__Material provided__.
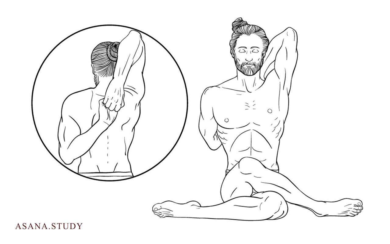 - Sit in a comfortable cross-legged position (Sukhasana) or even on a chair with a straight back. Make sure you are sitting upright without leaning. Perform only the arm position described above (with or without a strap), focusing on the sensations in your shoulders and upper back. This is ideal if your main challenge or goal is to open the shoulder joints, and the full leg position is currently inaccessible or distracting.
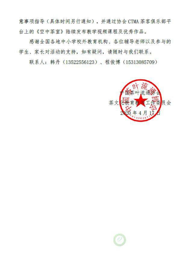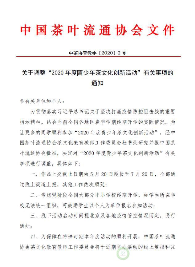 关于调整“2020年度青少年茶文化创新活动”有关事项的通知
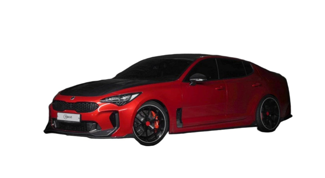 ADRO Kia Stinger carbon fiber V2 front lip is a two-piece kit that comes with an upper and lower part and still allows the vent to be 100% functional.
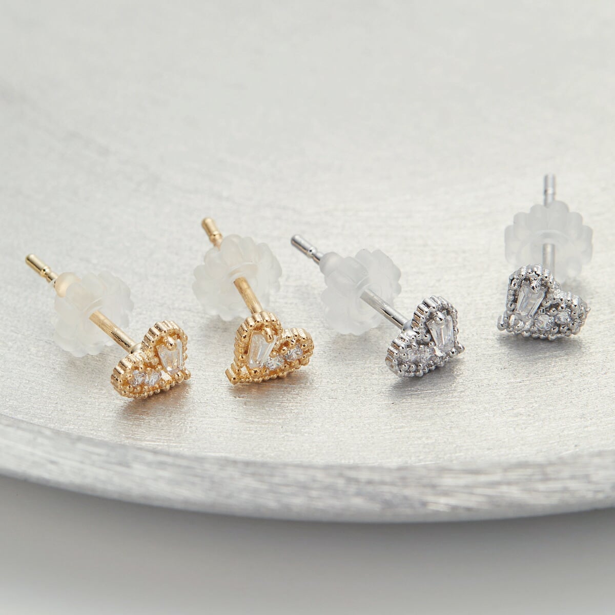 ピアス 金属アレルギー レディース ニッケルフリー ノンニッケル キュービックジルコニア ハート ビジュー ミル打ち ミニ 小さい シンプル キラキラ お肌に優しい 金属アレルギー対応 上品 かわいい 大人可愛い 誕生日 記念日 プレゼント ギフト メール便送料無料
--
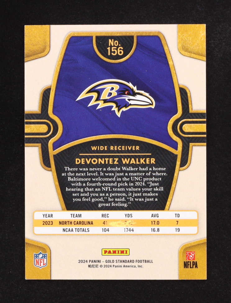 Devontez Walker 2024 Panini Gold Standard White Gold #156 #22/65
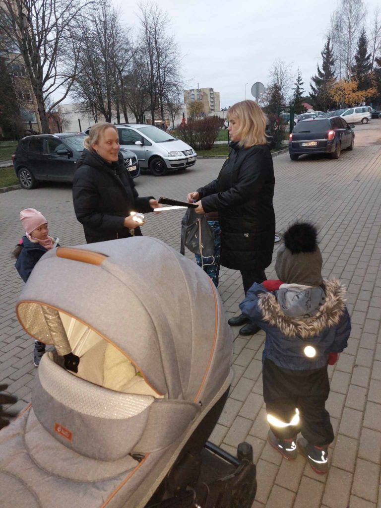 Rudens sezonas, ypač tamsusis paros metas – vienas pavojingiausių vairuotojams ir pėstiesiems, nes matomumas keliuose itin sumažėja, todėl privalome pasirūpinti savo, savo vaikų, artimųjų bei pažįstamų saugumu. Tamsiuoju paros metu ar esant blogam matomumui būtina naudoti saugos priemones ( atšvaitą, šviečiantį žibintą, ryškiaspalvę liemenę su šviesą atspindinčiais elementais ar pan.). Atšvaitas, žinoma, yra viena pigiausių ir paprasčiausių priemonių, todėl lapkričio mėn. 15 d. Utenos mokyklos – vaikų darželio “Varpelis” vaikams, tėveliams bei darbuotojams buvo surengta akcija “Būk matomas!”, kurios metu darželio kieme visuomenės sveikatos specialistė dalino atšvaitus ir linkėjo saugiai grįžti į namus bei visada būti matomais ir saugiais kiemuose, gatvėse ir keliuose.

__Task details__. Using the records above, repeat exactly the run of lines that starts with the line with "- Sit in a comfortable" and goes on through the line with "ADRO Kia Stinger"; omit each picture.

__Response for this exercise__.
 - Sit in a comfortable cross-legged position (Sukhasana) or even on a chair with a straight back. Make sure you are sitting upright without leaning. Perform only the arm position described above (with or without a strap), focusing on the sensations in your shoulders and upper back. This is ideal if your main challenge or goal is to open the shoulder joints, and the full leg position is currently inaccessible or distracting.
 关于调整“2020年度青少年茶文化创新活动”有关事项的通知
 ADRO Kia Stinger carbon fiber V2 front lip is a two-piece kit that comes with an upper and lower part and still allows the vent to be 100% functional.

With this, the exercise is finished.